| TASK DETAILS |
Skip all pictures. Write out the data below from its first line through the line that contains "Akurat dziś musiałem".

· · ·

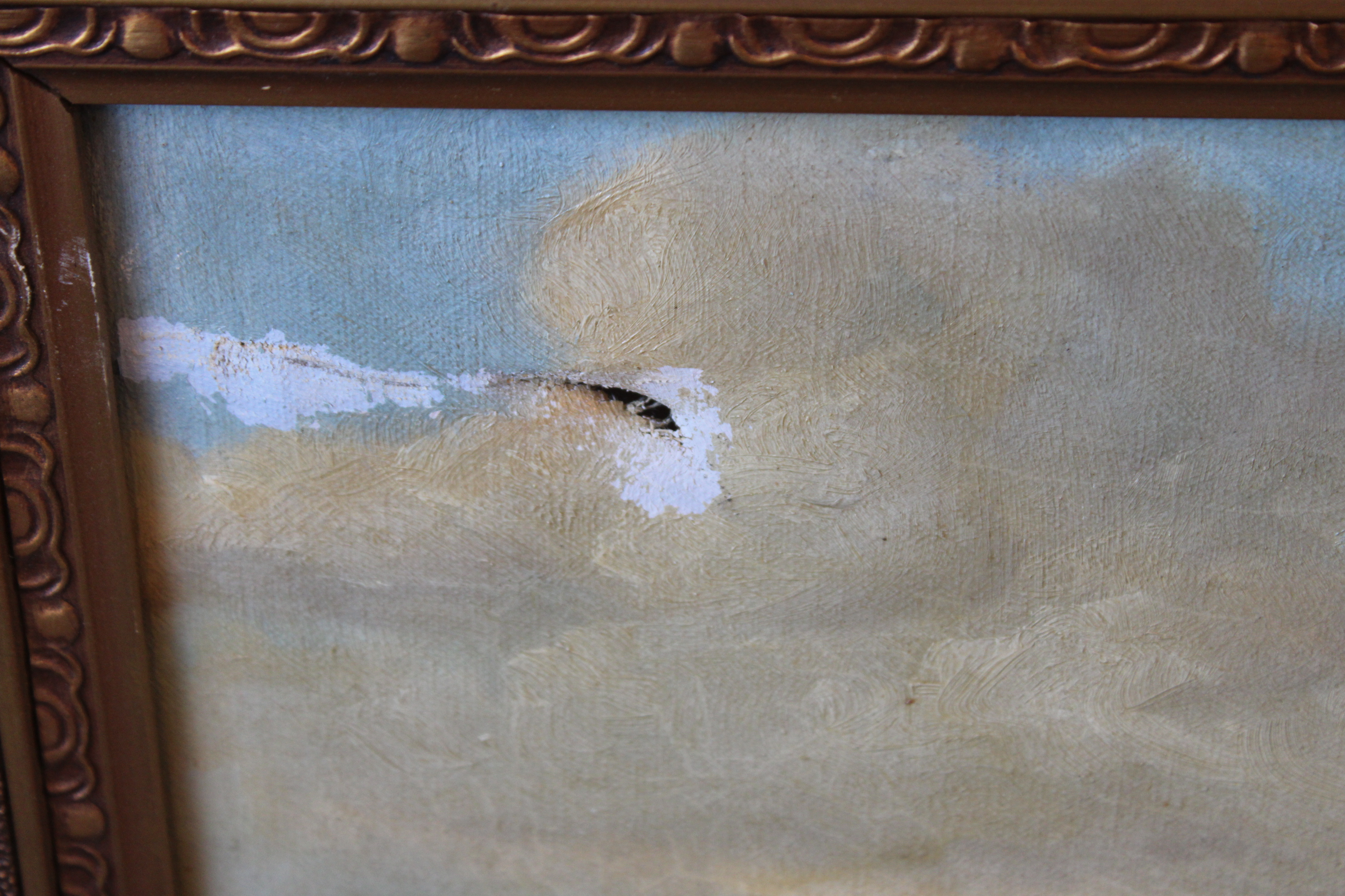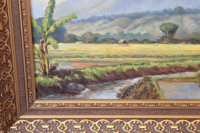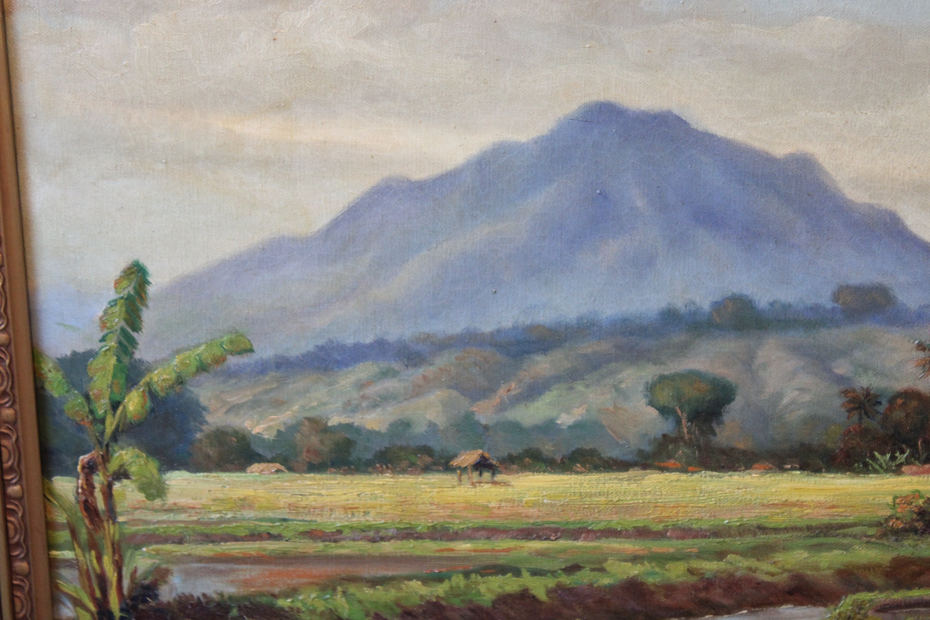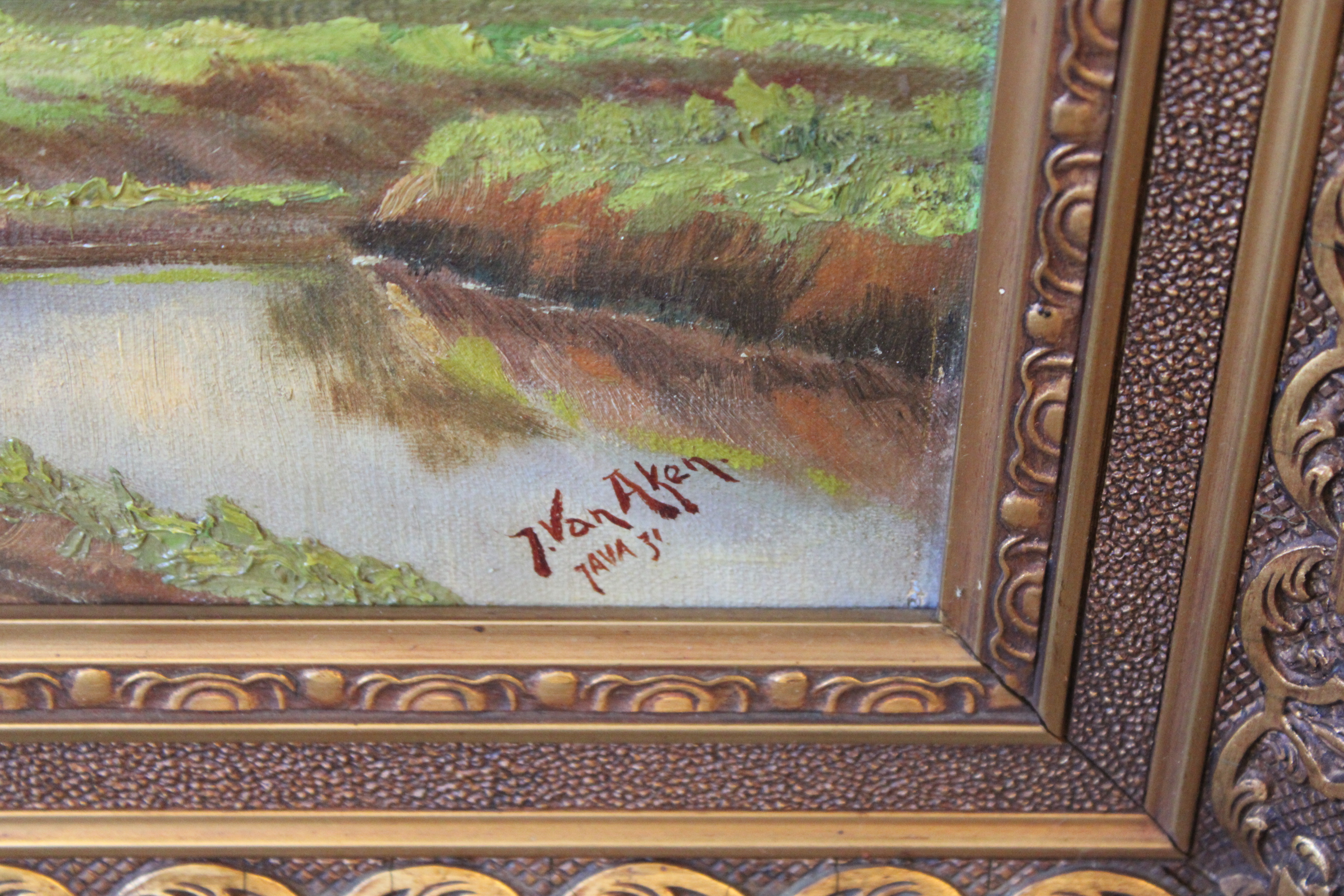 Java 1931. Ingelijst en fraai geschilderd. Helaas zit er een gat in het doek, misschien leuke opknapper voor een restaurateur? Jan van Aken (1905-?) was een Nederlands-Indisch schilder.
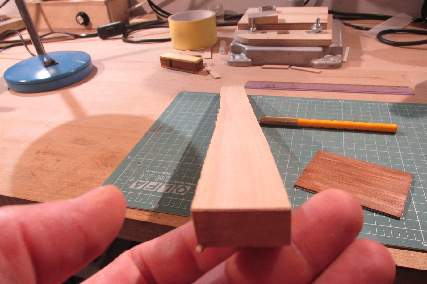 Akurat dziś musiałem dorobić kilka listew aby zakończyć poszycie. Potrzebowałem listew 6,7mmx2mm. Ja to robię tak:
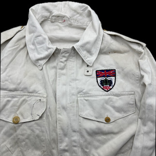 The suits were produced in a myriad of styles including a standard turn-down collar, mandarin style stand-collar, and had different pocket designs depending on the manufacturer. They were manufactured in 2 different weights and four colours: white, black, navy and tan. Rank lace was sometimes attached to the epaulettes and squadron badges and pilot wings were occasionally added, though an Air Ministry order forbade the application of badges in the war years. Photo evidence would suggest this was not always heeded to.
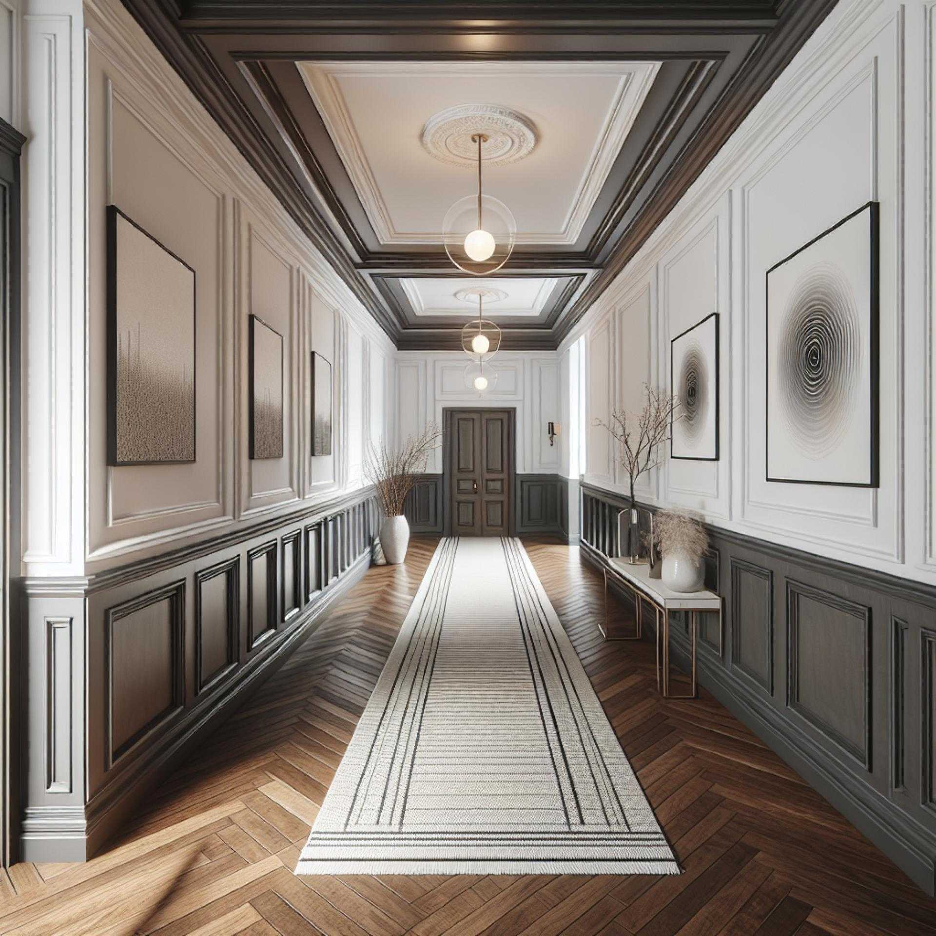 Modern Classic Corridor with Polyurethane EleganceThis modern corridor design demonstrates how polyurethane details elevate interiors, blending classic design with contemporary sensibilities. The walls are composed of geometric panels outlined with thin moldings, each creating balanced rectangular motifs that add rhythm and symmetry to the composition.The ceiling features deep layered frames, decorated cornices, and ornamental edges where soft shadows animate the relief. These architectural details recall classical interiors of the 19th century, yet their precise execution maintains a modern clarity. A short historical note: such ceiling and wall moldings were rooted in neoclassical traditions, where clean geometry framed luxurious interior spaces.The flooring is arranged in a chevron pattern, giving dynamic linear direction that contrasts with the orthogonal wall and ceiling geometry. This decorative flooring detail creates visual continuity in the corridor's perspective, guiding the viewer naturally toward the entry doors at the far end.Color contrast between the dark central wall sections and the light framing moldings intensifies the depth effect, while wall sconces with spherical shades provide soft illumination that emphasizes relief and ornament. Subtle furnishings, including a compact console and cushioned seating, are kept minimalistic so the layered paneling and molding motifs remain at the forefront.Symmetrical polyurethane frame details define the walls and ceiling.Chevron flooring introduces warmth and a sense of motion.Classic and modern aesthetics are harmonized through proportion and ornament.Lighting highlights detail without overwhelming the design.This corridor demonstrates how polyurethane craftsmanship allows complex, refined detailing with practical durability, proving ideal for creating modern interiors infused with classical spirit. This corridor design showcases a modern classic approach with polyurethane details framing the walls and ceiling. The balance of dark and light panels creates depth in the narrow passage. Chevron flooring introduces warmth and fluidity to the geometry. Wall sconces add gentle illumination along the framed motifs. The ceiling is adorned with layered rectangular compositions. Decorative cornices strengthen the vertical and horizontal split. Subtle furnishings complement the grand backdrop of paneling. Neutral tones highlight the refined lines of the decorations. The ornaments reflect a neoclassical visual heritage. Symmetry plays a central role in this concept. Every frame and edge appears carefully structured. The transition from floor to ceiling is elegant and precise. This design merges modern restraint with classic luxury. It demonstrates durability combined with artistry. The corridor becomes not only functional but also a refined aesthetic journey.
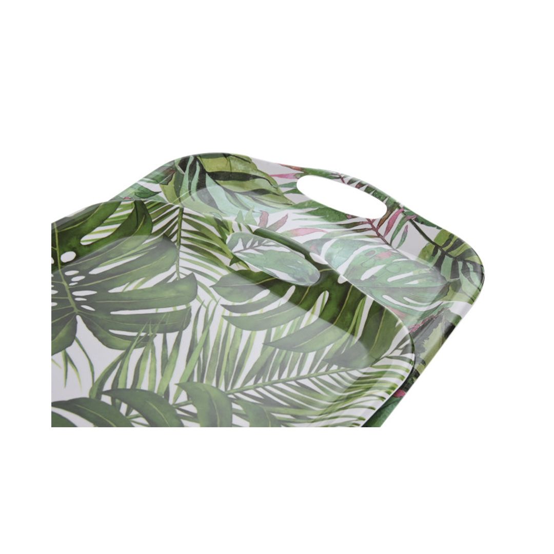 Fabricada en melamina con diseño de hojas verdes y asas para llevar mejor
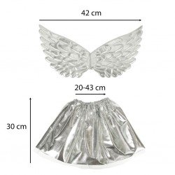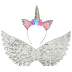 Karnevalikostüüm igale lapsele, kes unistab saada ükssarvikuks, kasvõi üheks päevaks. Komplekti kuulub kummipaelaga seelik, tiivad ning kõrvade ja sarvega peapael. Kõik kostüümi osad on hõbedased . Tänu universaalsele suurusele sobib kostüüm igas vanuses lastele.
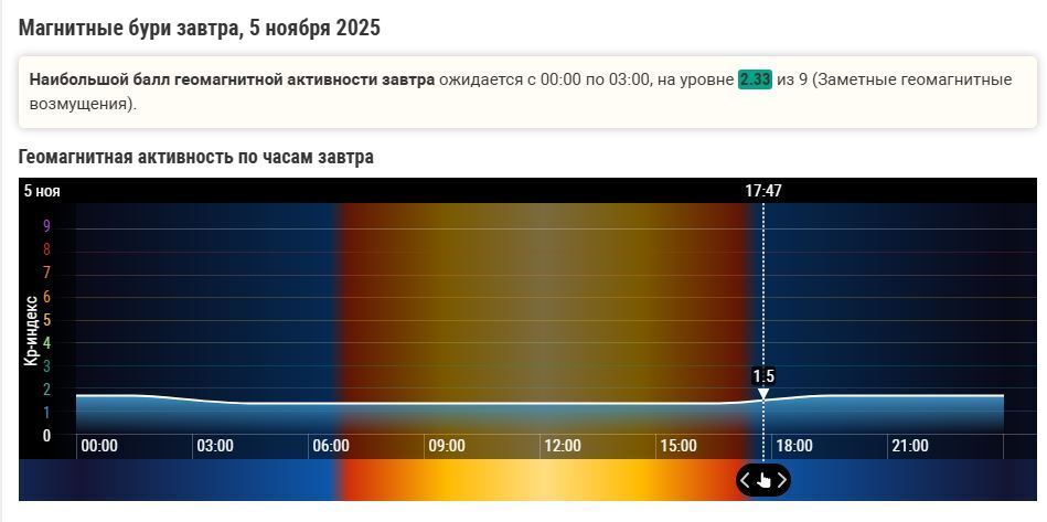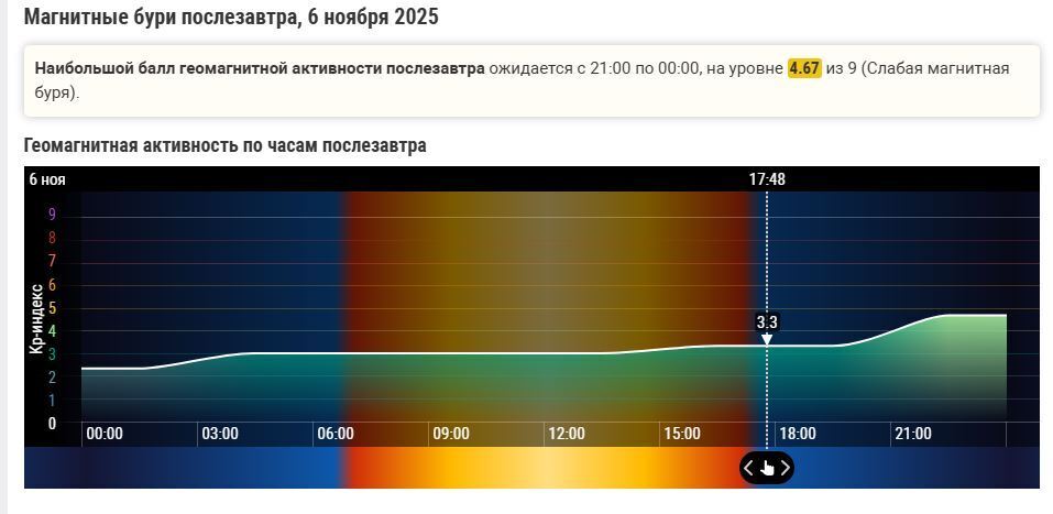 Геофизики предупреждают, что начиная с позднего вечера 6 ноября и далее возможно усиление геомагнитных процессов. Ночь на 6 ноября начнется достаточно спокойно — Кр-индекс составит стандартные 2 балла. Однако уже в утренние часы отмечается постепенный подъем показателя до критической отметки.
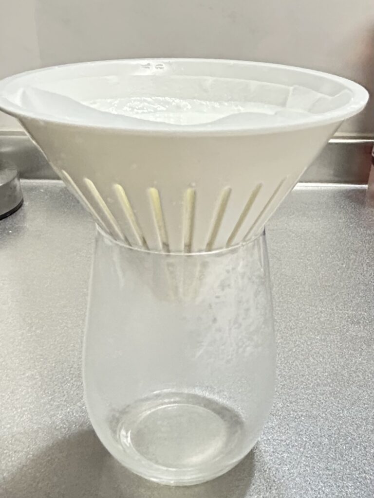 コーヒーフィルターまたはキッチンペーパーを広げてヨーグルトを入れ、ホエーが落ちてこなくなるまで水切りする。
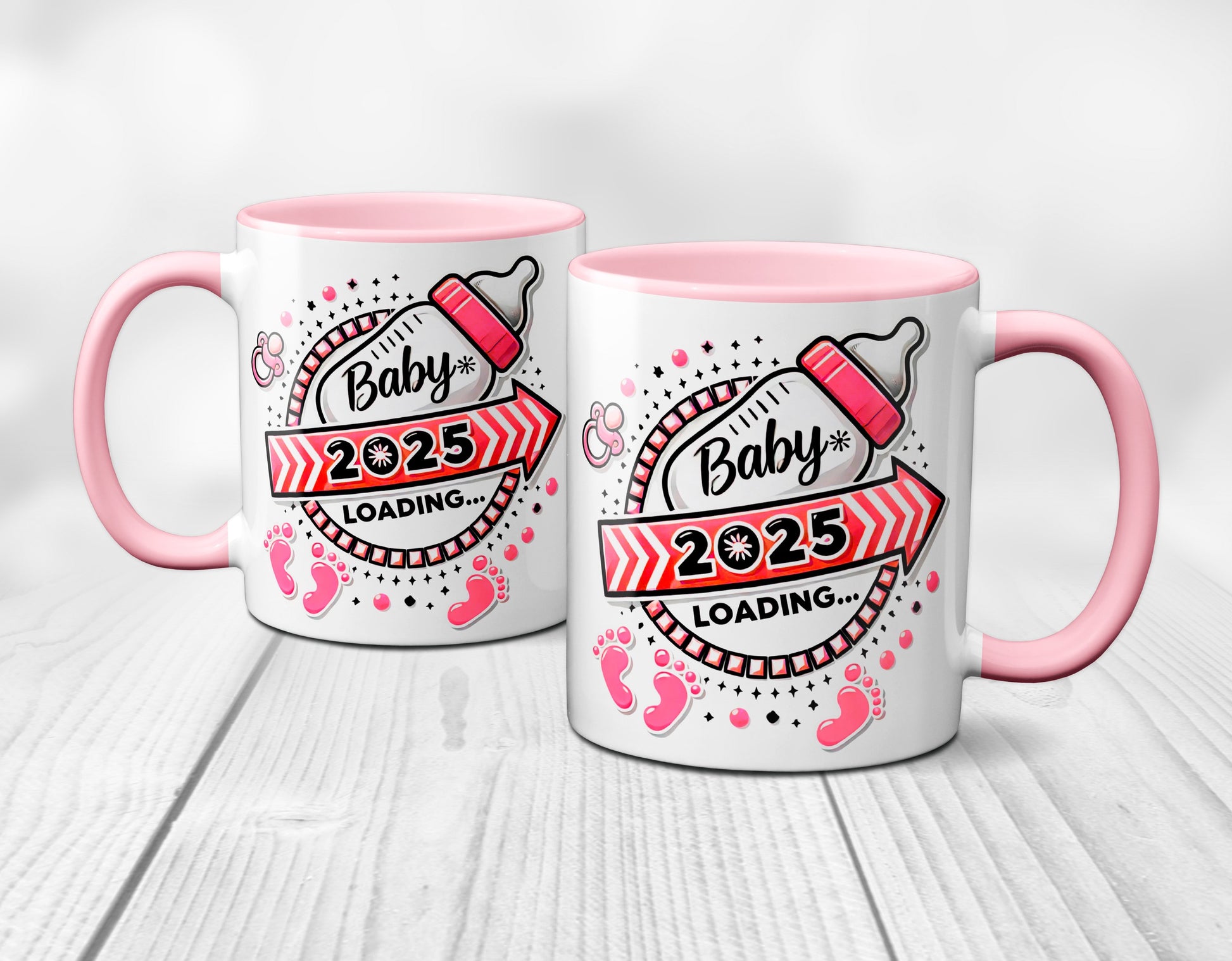 Baby Loading 2025 - Motiv rot - rosa Tasse (Girl, Mädchen)
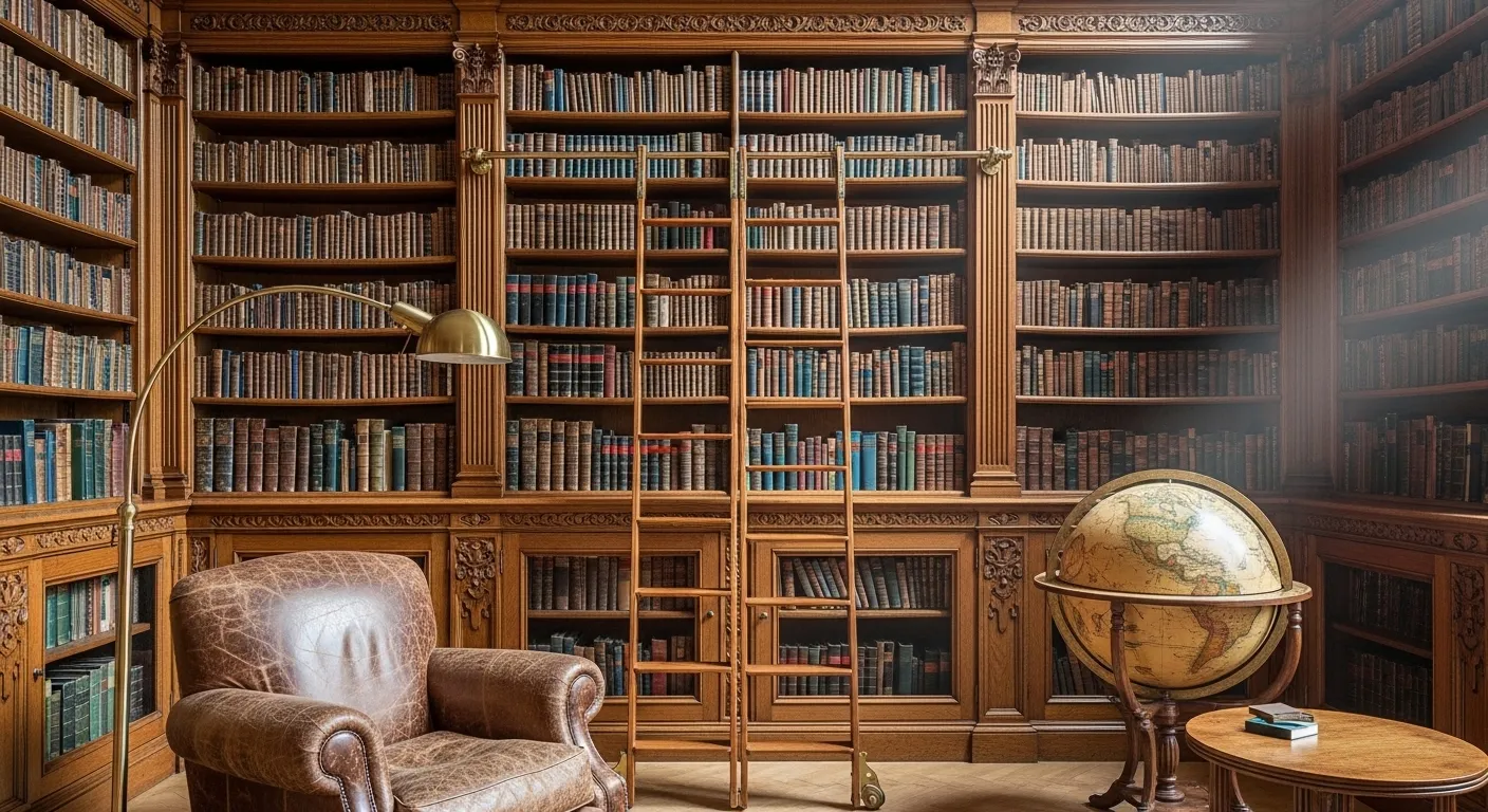 Floor-to-ceiling bookshelves are the dream, but tall bookcases work perfectly. Add a giant, comfy leather chair, a classic library ladder, and a heavy, ornate rug. Globes, antique-looking maps, and a sturdy wooden desk with a green glass lamp set the scene.

· · ·

| PROBLEM SOLUTION |
 Java 1931. Ingelijst en fraai geschilderd. Helaas zit er een gat in het doek, misschien leuke opknapper voor een restaurateur? Jan van Aken (1905-?) was een Nederlands-Indisch schilder.
 Akurat dziś musiałem dorobić kilka listew aby zakończyć poszycie. Potrzebowałem listew 6,7mmx2mm. Ja to robię tak:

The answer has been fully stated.